In 2018 more than 300,000 people across the world are taking PrEP to prevent HIV infection. The safety of PrEP with TDF/FTC or TDF alone remains a troubling question because clinical trials and cohort studies in people with HIV link TDF to higher rates of kidney and bone toxicity. Yoking HIV-negative PrEP takers with a similar burden would weigh against taking TDF to avert HIV infection.

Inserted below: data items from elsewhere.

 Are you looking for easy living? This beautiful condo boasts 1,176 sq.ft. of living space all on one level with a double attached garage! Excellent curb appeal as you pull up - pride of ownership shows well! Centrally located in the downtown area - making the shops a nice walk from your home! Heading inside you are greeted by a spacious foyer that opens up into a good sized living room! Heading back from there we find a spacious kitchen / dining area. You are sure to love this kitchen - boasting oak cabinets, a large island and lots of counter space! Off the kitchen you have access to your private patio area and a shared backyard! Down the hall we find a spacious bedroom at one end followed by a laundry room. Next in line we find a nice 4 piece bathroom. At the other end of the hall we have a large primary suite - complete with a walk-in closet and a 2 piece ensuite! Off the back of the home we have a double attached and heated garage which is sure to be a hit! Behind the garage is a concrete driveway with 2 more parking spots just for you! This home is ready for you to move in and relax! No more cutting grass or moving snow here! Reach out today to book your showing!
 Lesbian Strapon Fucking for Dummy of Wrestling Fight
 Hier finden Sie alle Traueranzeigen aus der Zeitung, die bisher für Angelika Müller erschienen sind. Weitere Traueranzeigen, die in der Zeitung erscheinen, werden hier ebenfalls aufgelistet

To get a broad perspective on toxicity with TDF-based PrEP, researchers at Imperial College London and colleagues at other centers conducted this systematic review and meta-analysis. They searched electronic databases and major HIV meeting abstracts for randomized placebo-controlled trials comparing TDF-based PrEP with placebo. They extracted safety data and used standard meta-analysis methods to pool data. Primary safety endpoints were grade 3 or 4 adverse events, protocol-defined serious adverse events, grade 3 or 4 creatinine elevations, and bone fractures.

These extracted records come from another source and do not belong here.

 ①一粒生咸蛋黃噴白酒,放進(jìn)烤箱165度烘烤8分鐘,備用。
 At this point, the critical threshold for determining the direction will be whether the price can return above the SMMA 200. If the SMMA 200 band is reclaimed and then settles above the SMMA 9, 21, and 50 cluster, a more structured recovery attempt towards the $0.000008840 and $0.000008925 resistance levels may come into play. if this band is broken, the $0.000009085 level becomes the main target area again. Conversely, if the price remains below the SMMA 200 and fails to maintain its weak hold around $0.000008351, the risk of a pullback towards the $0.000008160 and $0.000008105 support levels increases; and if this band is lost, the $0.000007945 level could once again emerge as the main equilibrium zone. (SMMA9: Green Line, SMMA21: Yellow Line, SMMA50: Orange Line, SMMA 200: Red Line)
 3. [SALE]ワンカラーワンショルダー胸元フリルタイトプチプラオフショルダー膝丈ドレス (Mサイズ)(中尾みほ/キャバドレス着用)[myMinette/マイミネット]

The analysis included 13 randomized controlled trials, 7 in men who have sex with men (MSM), 3 in women, 2 in HIV-different couples, and 1 in injection drug users. Trials took place in Africa, Europe, North and South America, and Asia. Three trials tested TDF alone, and 1 asked MSM to take PrEP only before and after sex. All told, the trials had 22,250 person-years of follow-up involving 15,678 participants. Follow-up ranged from 4 months to 4 years.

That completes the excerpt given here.